> [Work order] No pictures go into the copy. Write out exactly the lines below from the one containing "Figura 03: Luminária externa." through the one containing "Mercedes Benz transporter".

> [Supplied data]
++++++
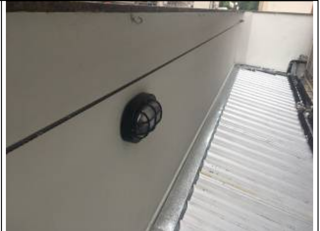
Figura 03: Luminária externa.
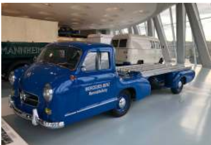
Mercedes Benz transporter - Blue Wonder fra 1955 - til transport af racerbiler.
++++++
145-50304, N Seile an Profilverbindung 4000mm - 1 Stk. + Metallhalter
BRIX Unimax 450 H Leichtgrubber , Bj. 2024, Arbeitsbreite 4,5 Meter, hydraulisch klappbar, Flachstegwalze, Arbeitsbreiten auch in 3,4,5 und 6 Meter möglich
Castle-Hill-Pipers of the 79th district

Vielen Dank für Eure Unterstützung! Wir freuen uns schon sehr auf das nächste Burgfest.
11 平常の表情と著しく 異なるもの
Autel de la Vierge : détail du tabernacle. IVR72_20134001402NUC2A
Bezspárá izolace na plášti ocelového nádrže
++++++
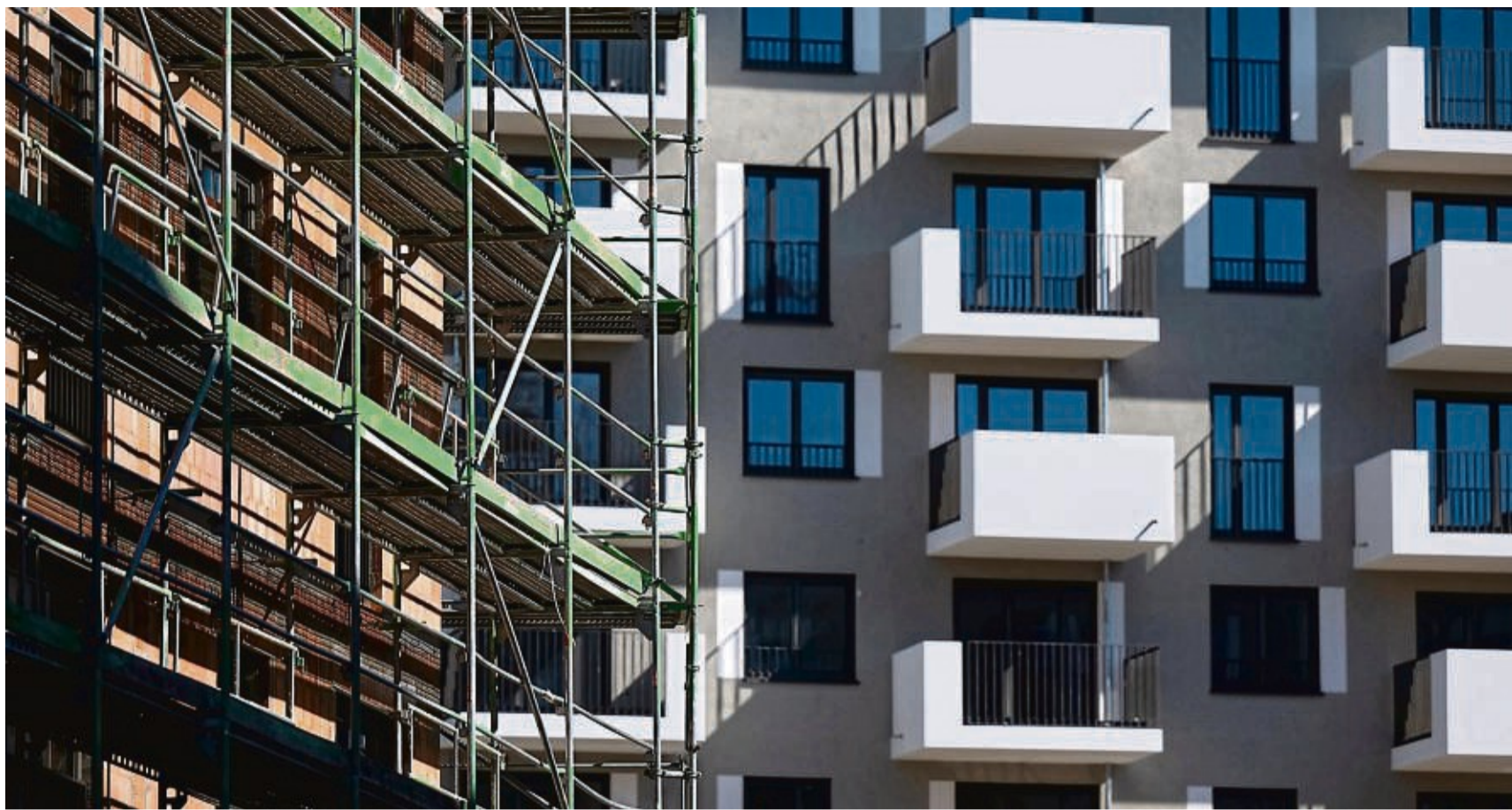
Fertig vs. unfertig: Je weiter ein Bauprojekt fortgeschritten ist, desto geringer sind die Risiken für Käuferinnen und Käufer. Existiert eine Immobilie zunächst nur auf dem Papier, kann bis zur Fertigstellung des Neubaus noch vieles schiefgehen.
++++++
> [Answer to this task]
Figura 03: Luminária externa.
Mercedes Benz transporter - Blue Wonder fra 1955 - til transport af racerbiler.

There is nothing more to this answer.